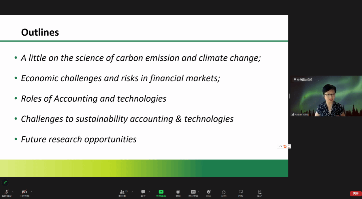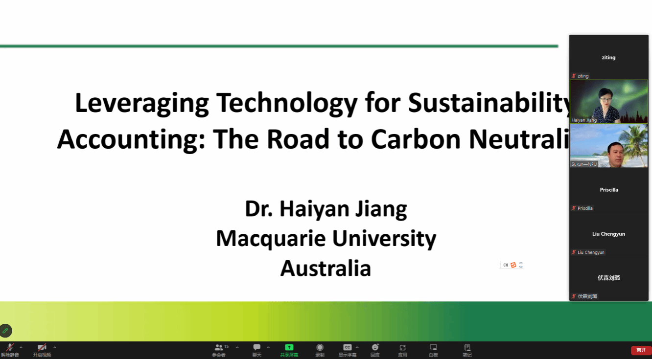 2023年12月3日上午,应开车漫画 邀请,澳大利亚麦考瑞大学会计学副教授姜海燕通过线上形式作了题为“应用技术进行可持续性会计核算:碳中和之路(Leveraging technology for sustainability accounting: The road to carbon neutrality)”的讲座。本次讲座由苏坤教授主持,开车漫画 会计系部分教师和研究生参加此次讲座。
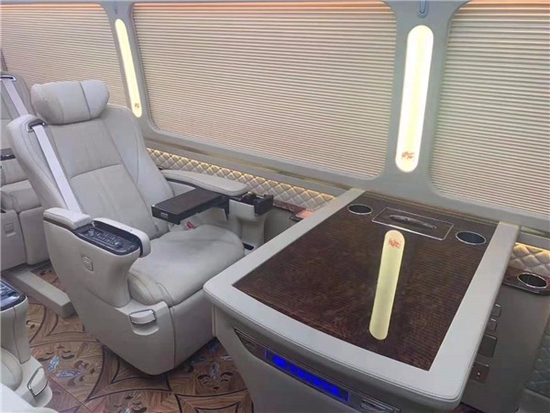 从灯光的设置上就有很多种方式,我们可以在车顶内加装豪华的彩色灯,可以有橙色蓝色紫色等不同的灯光选择,营造车内氛围。窗帘内侧可以加装LED蓝色灯光,车内立柱加装LED灯光,台阶上也可以镶嵌LED灯光,显示品牌坐标等。同时还可以在通道来两侧增加LED蓝色灯光。我们都知道,光是最能衬托氛围的选择,对车内灯光的改装可以带给我们独特的视觉感觉,营造出或温馨或者淡雅的乘车环境。
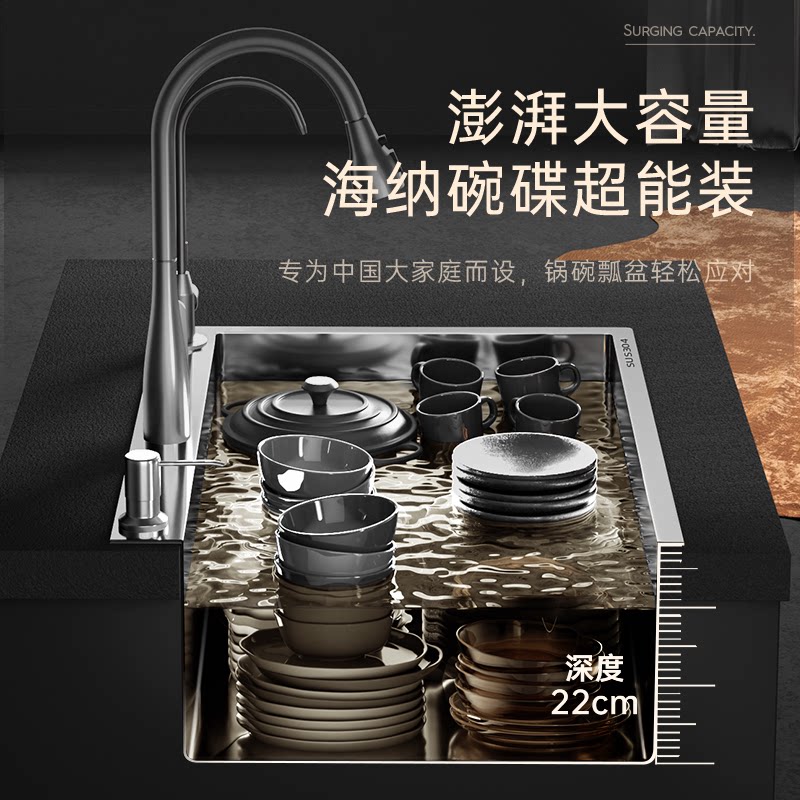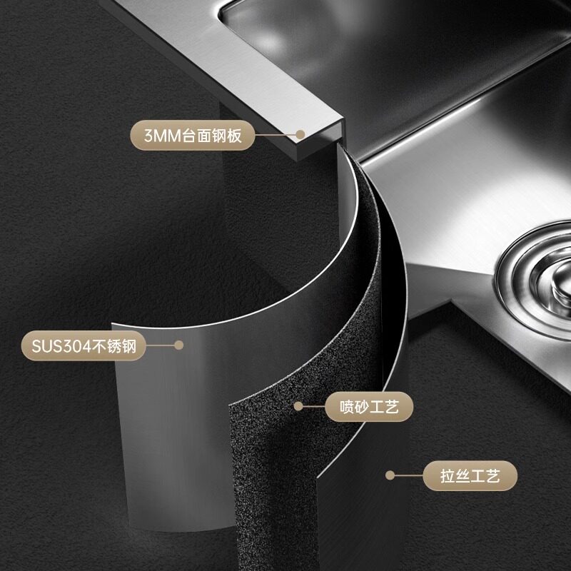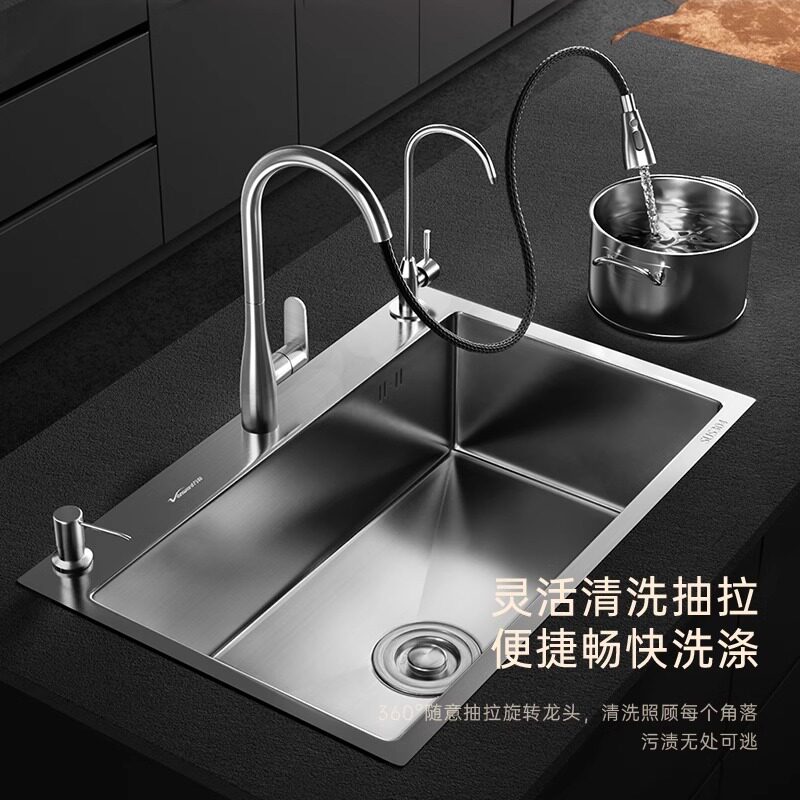 万和水槽0涂层加厚304不锈钢家用厨房洗菜盆双槽改大单槽洗碗池
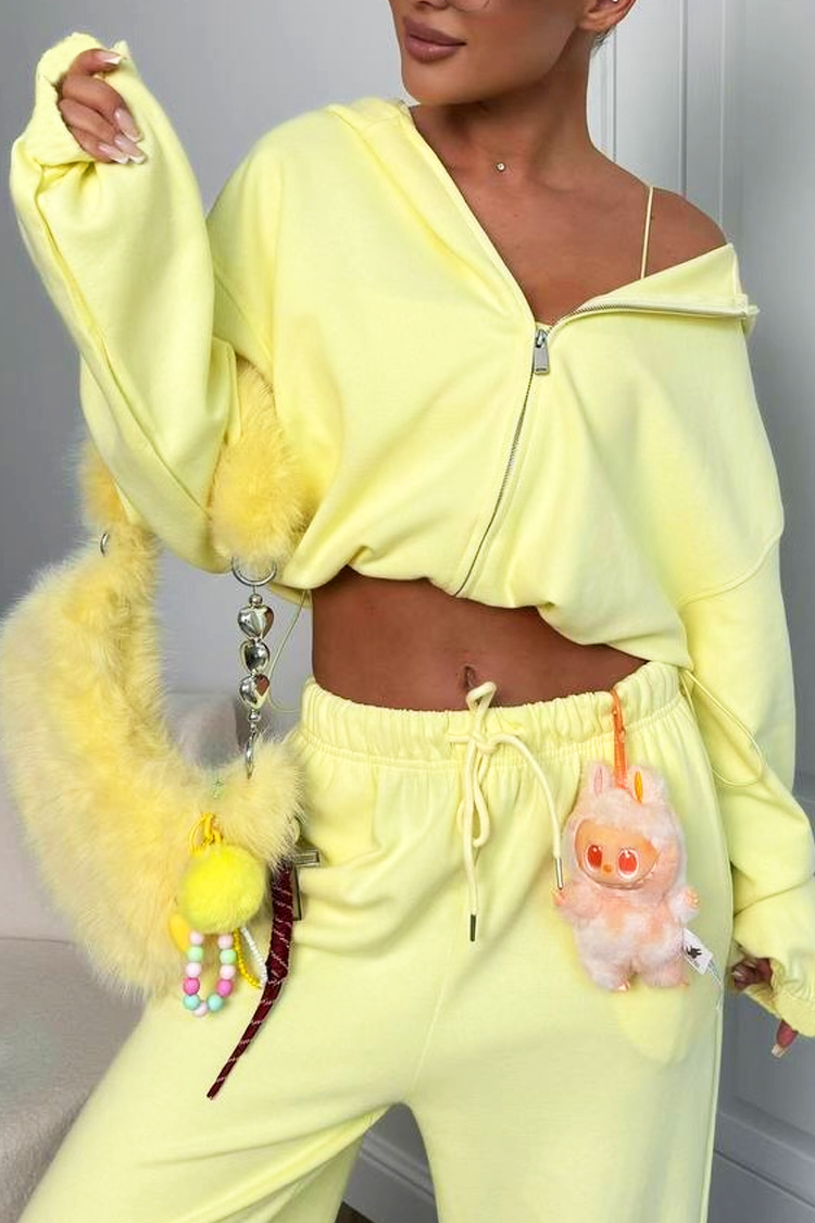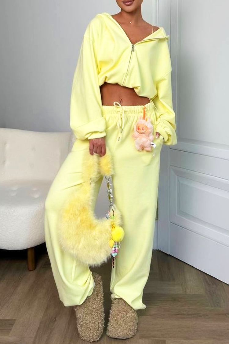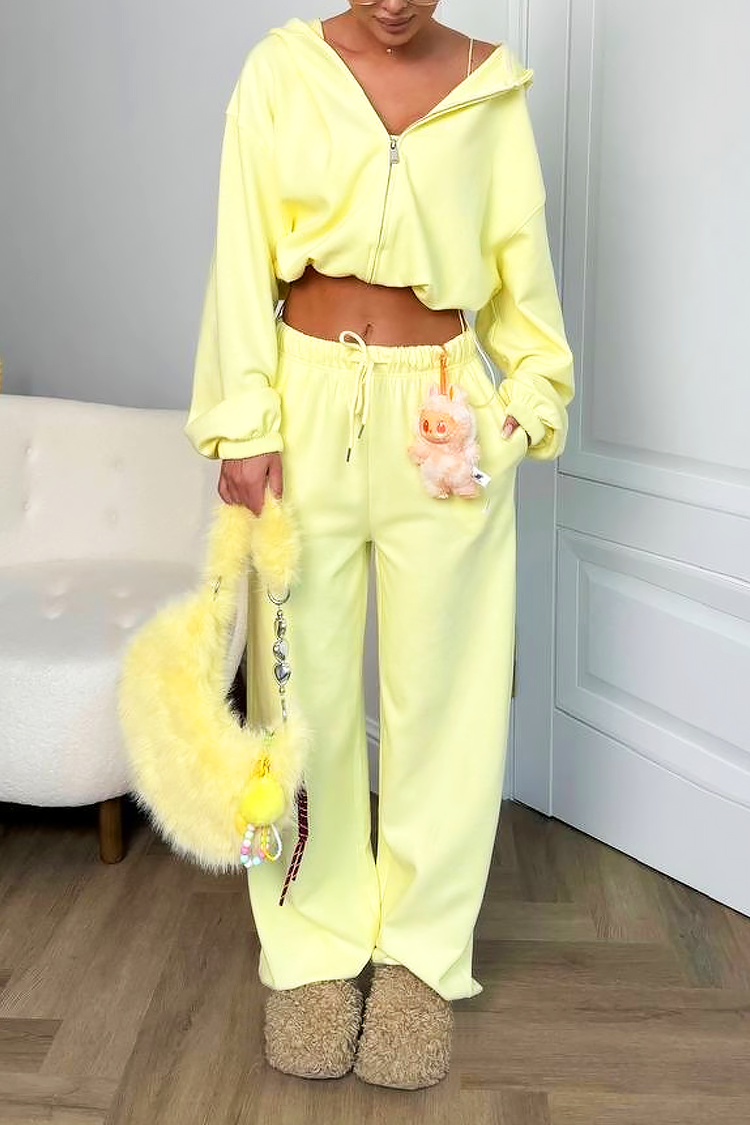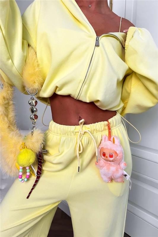 - Kratka dukserica sa kapuljačom, kombinovana sa pantalonama sa visokim elastičnim strukom i zvonastim krojem za moderan izgled.

──────────────────────────────

Print all data above verbatim, except pictures.

(RESPONSE TO THIS EXERCISE)
 2023年12月3日上午,应开车漫画 邀请,澳大利亚麦考瑞大学会计学副教授姜海燕通过线上形式作了题为“应用技术进行可持续性会计核算:碳中和之路(Leveraging technology for sustainability accounting: The road to carbon neutrality)”的讲座。本次讲座由苏坤教授主持,开车漫画 会计系部分教师和研究生参加此次讲座。
 从灯光的设置上就有很多种方式,我们可以在车顶内加装豪华的彩色灯,可以有橙色蓝色紫色等不同的灯光选择,营造车内氛围。窗帘内侧可以加装LED蓝色灯光,车内立柱加装LED灯光,台阶上也可以镶嵌LED灯光,显示品牌坐标等。同时还可以在通道来两侧增加LED蓝色灯光。我们都知道,光是最能衬托氛围的选择,对车内灯光的改装可以带给我们独特的视觉感觉,营造出或温馨或者淡雅的乘车环境。
 万和水槽0涂层加厚304不锈钢家用厨房洗菜盆双槽改大单槽洗碗池
 - Kratka dukserica sa kapuljačom, kombinovana sa pantalonama sa visokim elastičnim strukom i zvonastim krojem za moderan izgled.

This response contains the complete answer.